--- a/ninems/ninems.tex Mon Jul 08 11:10:32 2019 +0100
+++ b/ninems/ninems.tex Mon Jul 08 21:21:54 2019 +0100
@@ -552,7 +552,8 @@
$v_i$ for $r_i = r_a \cdot r_b$ should be $\Seq\,(\inj\,r_a\,c\,v_a)\,v_b$.
Other clauses can be understood in a similar way.
-The following example gives a \comment{Other word: insight?}taste of $\textit{inj}$'s effect
+%\comment{Other word: insight?}
+The following example gives an insight of $\textit{inj}$'s effect
and how Sulzmann and Lu's algorithm works as a whole.
Suppose we have a
regular expression $((((a+b)+ab)+c)+abc)^*$, and want to match it against
@@ -674,7 +675,7 @@
when finished with derivatives and call $mkeps$ for deciding which
branch is POSIX, we can generate the parse tree in one pass, instead of
doing the rest $n$ injections. This leads to Sulzmann and Lu's novel
-idea of using bit-codes in derivatives.
+idea of using bitcodes in derivatives.
In the next section, we shall focus on the bit-coded algorithm and the
process of simplification of regular expressions. This is needed in
@@ -712,11 +713,7 @@
affect the answer for whether a regular expression matches a string or
not, but fortunately also do not affect the POSIX strategy of how
regular expressions match strings---although the latter is much harder
-to establish. \comment{Does not make sense.} The argument for
-complicating the data structures from basic regular expressions to those
-with bitcodes is that we can introduce simplification without making the
-algorithm crash or overly complex to reason about. The latter is crucial
-for a correctness proof. Some initial results in this regard have been
+to establish. Some initial results in this regard have been
obtained in \cite{AusafDyckhoffUrban2016}.

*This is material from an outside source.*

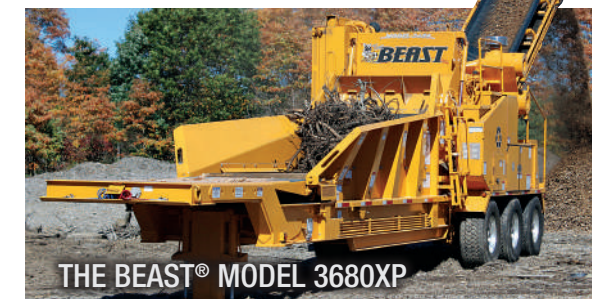
THE BEAST® MODEL 3680XP

With numerous tooth and screen options to choose from, The Beast can easily serve a variety of markets. Produce high-quality mulch from waste wood, then switch to knives to produce screened wood chips. Equipped with the shingle grinding package, The Beast can recycle shingles for hot-mix asphalt supplement. Install an optional colorizer and produce colored landscape mulch.

Unfortunately, the simplification rules outlined above are not
@@ -745,28 +742,41 @@
A partial derivative of a regular expression $r$ is essentially a set of
regular expressions that are either $r$'s children expressions or a
concatenation of them. Antimirov has proved a tight bound of the size of
-partial derivatives. \comment{That looks too preliminary to me.} Roughly
-speaking the size will not exceed the fourth power of the number of
-nodes in that regular expression. \comment{Improve: which
-simplifications?}Interestingly, we observed from experiment that after
-the simplification step, our regular expression has the same size or is
-smaller than the partial derivatives. This allows us to prove a tight
-bound on the size of regular expression during the running time of the
-algorithm if we can establish the connection between our simplification
-rules and partial derivatives.
+partial derivatives. Roughly
+speaking the size will not exceed $t^2$, t is the number of characters
+appearing in that regular expression. If we want the size of derivatives
+to stay below this bound, we would need more aggressive simplifications
+such as opening up alternatives to achieve the maximum level of duplicates
+cancellation.
+For example, the parentheses in $(a+b) \cdot c + bc$ can be opened up to
+get $a\cdot c +b \cdot c
++ b \cdot c$, and then simplified to $a \cdot c+b \cdot c$. Another example is from
+$(a^*+a) + (a^*+ 1) + (a +1)$ to $a^*+a+1$.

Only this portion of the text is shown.